Let $M$ be a symplectic manifold and $\pi : M \to B$ a fiber bundle (fibers are manifolds). Is it true that $\pi$ is an isotropic fiber bundle i.e. all fibers are isotropic submanifolds if and only if $\pi^*(C^\infty(B))$ is Poisson commutative?
More precisely, the latter condition means that $\{\pi^*(f),\pi^*(g)\}=0$ for all $f,g \in C^\infty(B)$ and we use Poisson bracket produced by the symplectic structure.
How to formulate condition that the fiber bundle is Lagrangian in terms of commutative Poisson subalgebras?
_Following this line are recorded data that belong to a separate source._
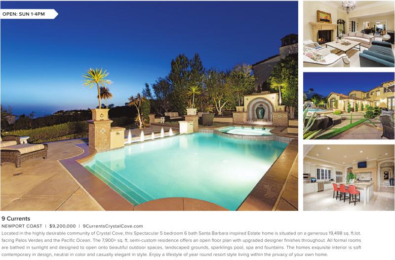 OPEN: SUN 1-4PM 9 Currents NEWPORT COAST | $9,200,000 | 9CurrentsCrystalCove.com Located in the highly desirable community of Crystal Cove, this Spectacular 5 bedroom 6 bath Santa Barbara inspired Estate home is situated on a generous 19,498 sq. ft.lot. facing Palos Verdes and the Pacific Ocean. The 7,900+ sq. ft. semi-custom residence offers an open floor plan with upgraded designer finishes throughout. All formal rooms are bathed in sunlight and designed to open onto beautiful outdoor spaces, landscaped grounds, sparklings pool, spa and fountains. The homes exquisite interior is soft contemporary in design, neutral in color and casually elegant in style. Enjoy a lifestyle of year round resort style living within the privacy of your own home. See also
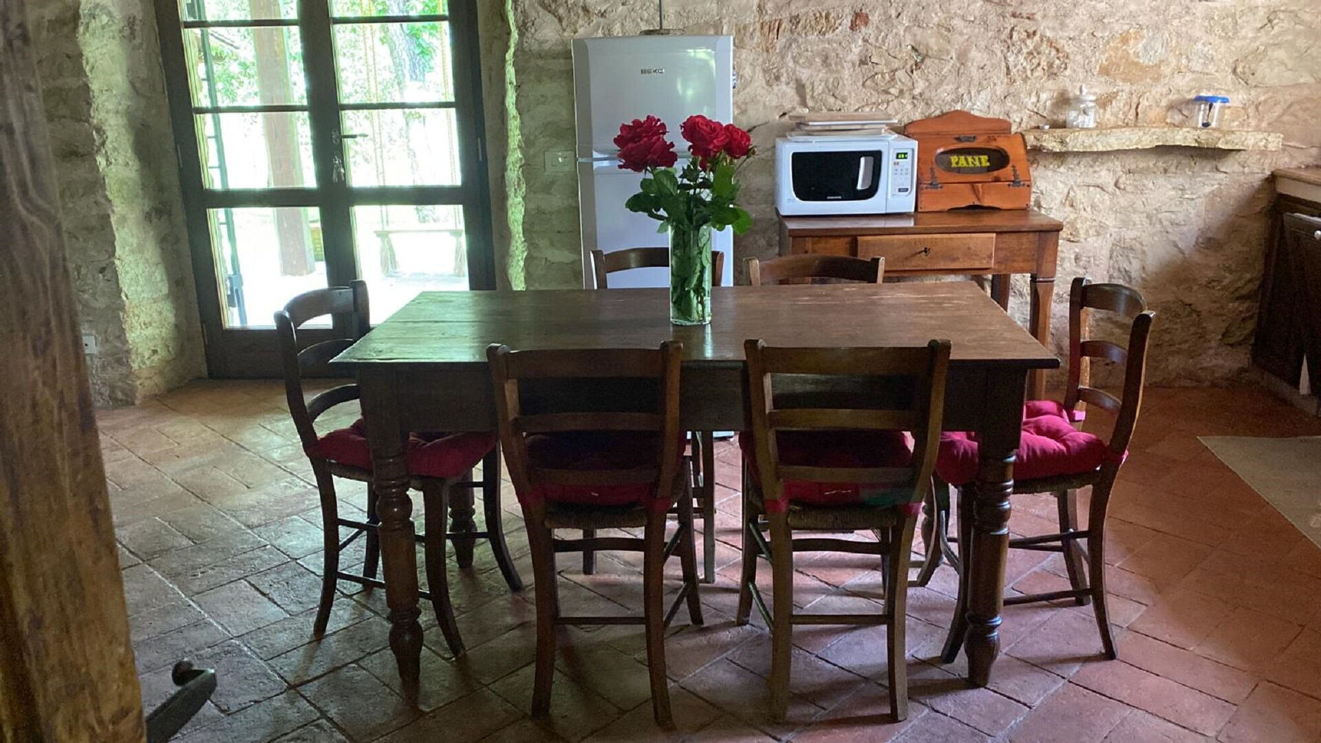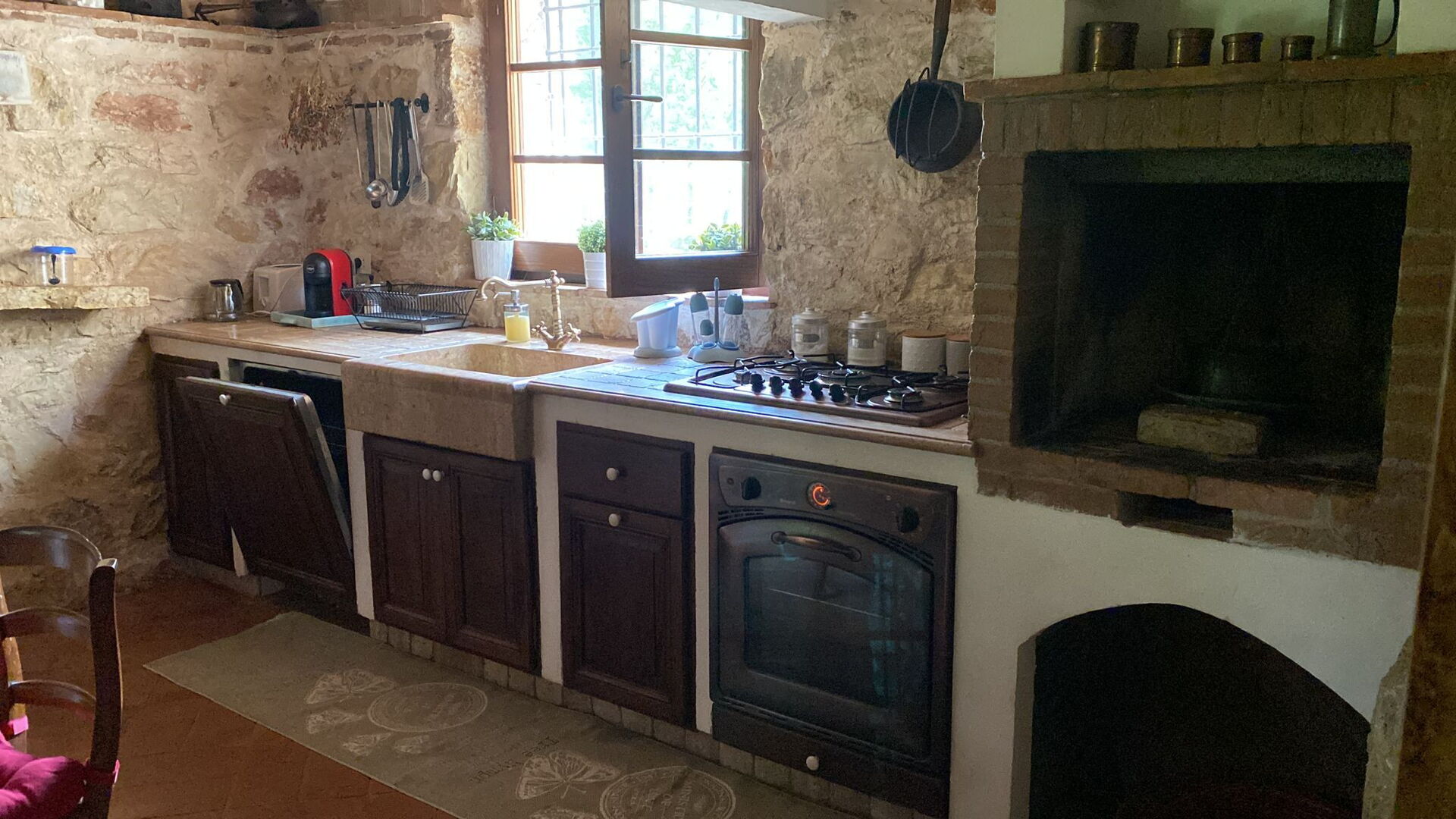 Cocina (24 m2): cocina bien equipada, mesa de comedor, lavavajillas, frigorífico, congelador, microondas, cocina de gas, estufa de leña, horno, tostadora, máquina de café italiana, WIFI internet, mosquitero, estéreo hifi, acceso al jardín, acceso a la terraza.
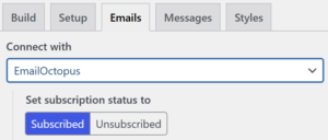Step 3: Go to your Happyforms Contact Form > Emails > Connect with Email Octopus. Additionally, you can indicate if the user will be subscribed or not. Remember to click “Update.”
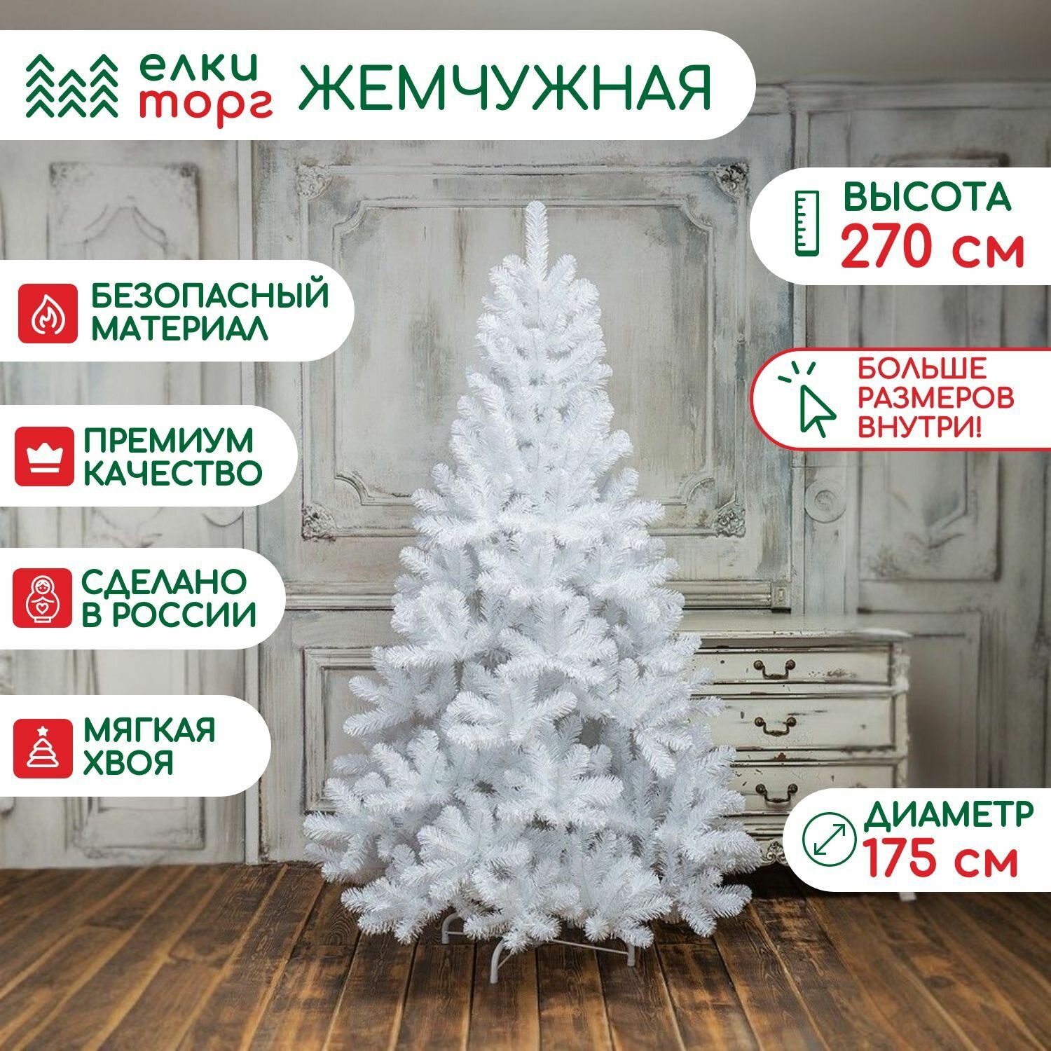 Ниже Вы можете прочитать отзывы на Новогодняя искусственная елка сосна Жемчужная белая 270 см., мягкая хвоя, ЕлкиТорг (16270), ознакомится с подробными характеристиками, посмотреть интересные обзоры и фотографии на Новогодняя искусственная елка сосна Жемчужная белая 270 см., мягкая хвоя, ЕлкиТорг (16270).

Do they correspond to maximal such subalgebras?
A counterexample is the fiber bundle $\mathbb{R}^{3}\times\mathbb{R}\rightarrow\mathbb{R}^{3}$ with projection $\pi:(x_1,x_2,x_3,z)\mapsto(x_1,x_2,x_3)$ and symplectic form $\omega\in\Omega^{2}(\mathbb{R}^{3}\times\mathbb{R})$ given by $$ \omega=dx_1\wedge dx_2 + dx_3\wedge dz. $$ The fibers are one-dimensional, hence isotropic. But $\pi^{*}(C^{\infty}(\mathbb{R}^{3}))$ is not Poisson-commutative, since $\{x_1,x_2\}=\pm 1$ (depending on sign conventions).